The great mythographer Joseph Campbell once commented that the world is full of creation stories and all of them are wrong. The Tarot is like that: full of origin stories, and probably all of them wrong. They are wrong because they take a compelling idea as literal truth. Wrong because they need that literal belief to take the idea seriously, and if someone should disprove once and for all these origin tales they will have lost their hold on its meaning and value. But if we can learn to take these origin tales as myths, as divine play, then not only can we let go of this need to prove the superiority of one to all others, we also can appreciate the poetic truth of each one. And we can marvel at this amazing work, this pack of seventy-eight pictures that somehow adapts itself to so many spiritual and historical traditions.
The Tarot''s Secret Origin is part of its myth. One of the most remarkable things about the cards is the way people snapped at this idea the moment it appeared and have clung to it tenaciously ever since. Here is a personal story. Years ago I was in Denmark shortly after the publication of the Danish edition of my book Seventy-Eight Degrees of Wisdom. Two radio stations wanted to interview me.
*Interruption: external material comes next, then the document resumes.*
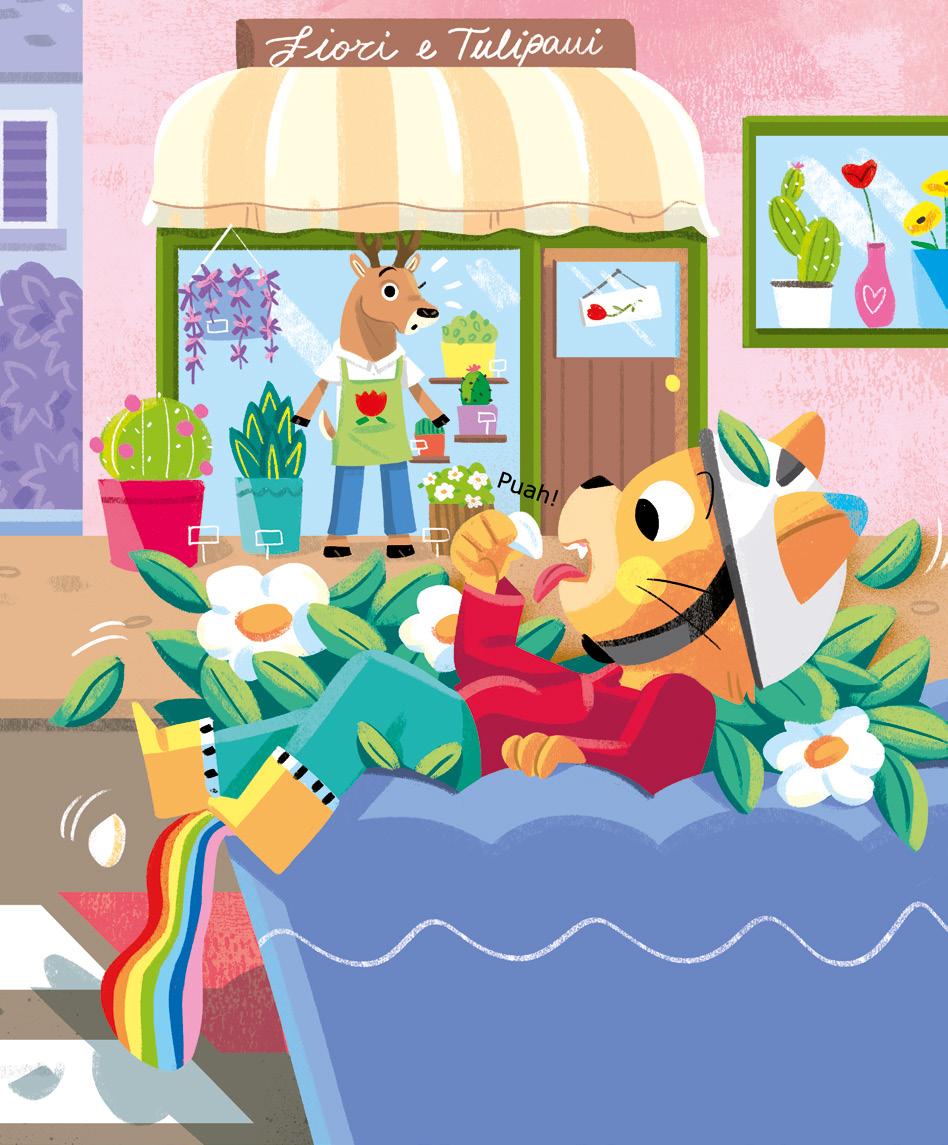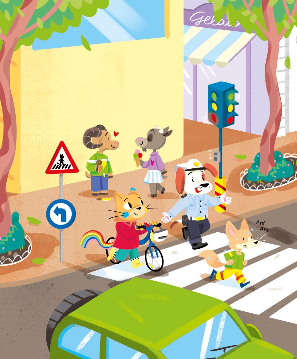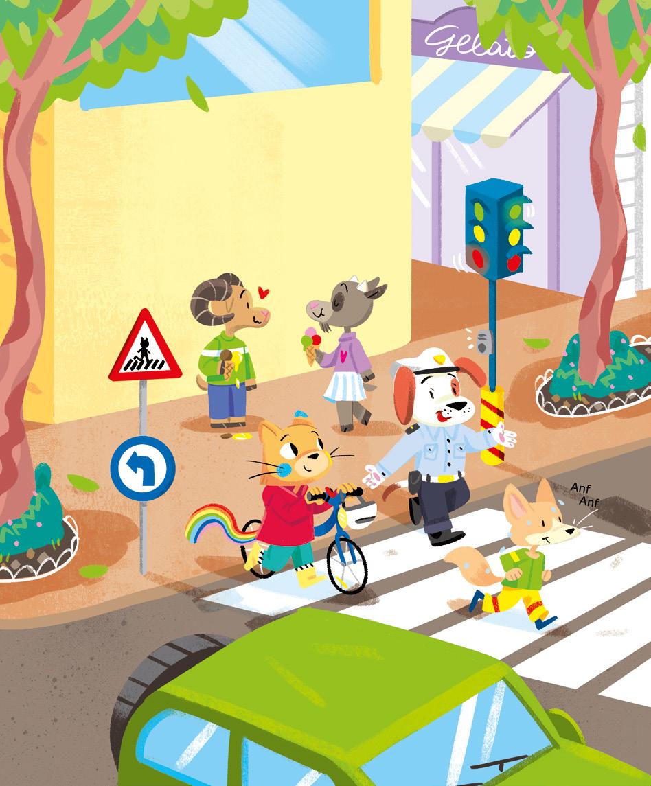 – Attento, gattino! – ha gridato il vigile dal suo fischietto d’argento. – Il rosso vuol dire fermati! – ha ripetuto più volte. Arcobaleo è arrossito fin sulla punta delle orecchie e si è irrigidito come una statuina di porcellana tanto si è spaventato.

The first, on national radio, went very well. The second was for a New Age program and I looked forward to it as a chance to discuss the Tarot in some more depth. The day before, the host called me to go over some topics. When I told him that I did not believe the Tarot came from Atlantis, or that secret occult masters crafted it and disguised it as a game, he canceled my appearance.
Though we cannot determine the exact origin of the cards, we can, in fact, pinpoint the origin of the myth. In the 1770s and 80s a man named Antoine Court de Gébelin published a nine-volume study of esoteric ideas called Le Monde Primitif (The Primitive World). The very idea of a primitive human state is itself a myth. In our time, the term "primitive" suggests people unformed, ignorant, savage. In earlier times it meant the opposite, a supposed golden age in which people knew spiritual truth and lived in perfect peace. The Garden of Eden is a variation on this myth.
In the course of his work, Court de Gébelin visited a friend, Madame la C. d''H., who showed him the latest fad, an Italian card game popular in the southern countries, called in Italy tarocchi, and in France les tarots. Court de Gébelin looked through the bright pictures and had an epiphany. The ordinary card game was, in fact, a disguised great work of occult mystery. He called it the Book of Thoth, the very sum of all knowledge.
Thoth was an Egyptian God, the quintessential master of wisdom. Thoth guided the boat of the Sun God Ra across the sky, he invented mummification to resurrect the slain God Osiris, he helped judge dead souls for the afterlife, he even gambled with the Moon to create extra days for the year (more about that story in awhile). The Greeks linked Thoth with their own Hermes, God of magic, healing, wisdom, science, commerce, and, not incidentally, patron of swindlers and thieves (you have to love a religion with a God of swindlers).
Much of the esoteric tradition originates with a shadowy figure known as Hermes Trismegistus, or Thrice-great Hermes, author of The Emerald Tablet, a work composed in Alexandrian Egypt in the early Christian era. The myth of the Emerald Tablet considers Hermes Trismegistus another name for Thoth. Now Antoine Court de Gébelin had described the Tarot as an even more fundamental divine work than the Emerald Tablet itself. Thoth, he said, had given the symbolic pictures to his human disciples and disguised them as a game so it could move through the centuries undetected.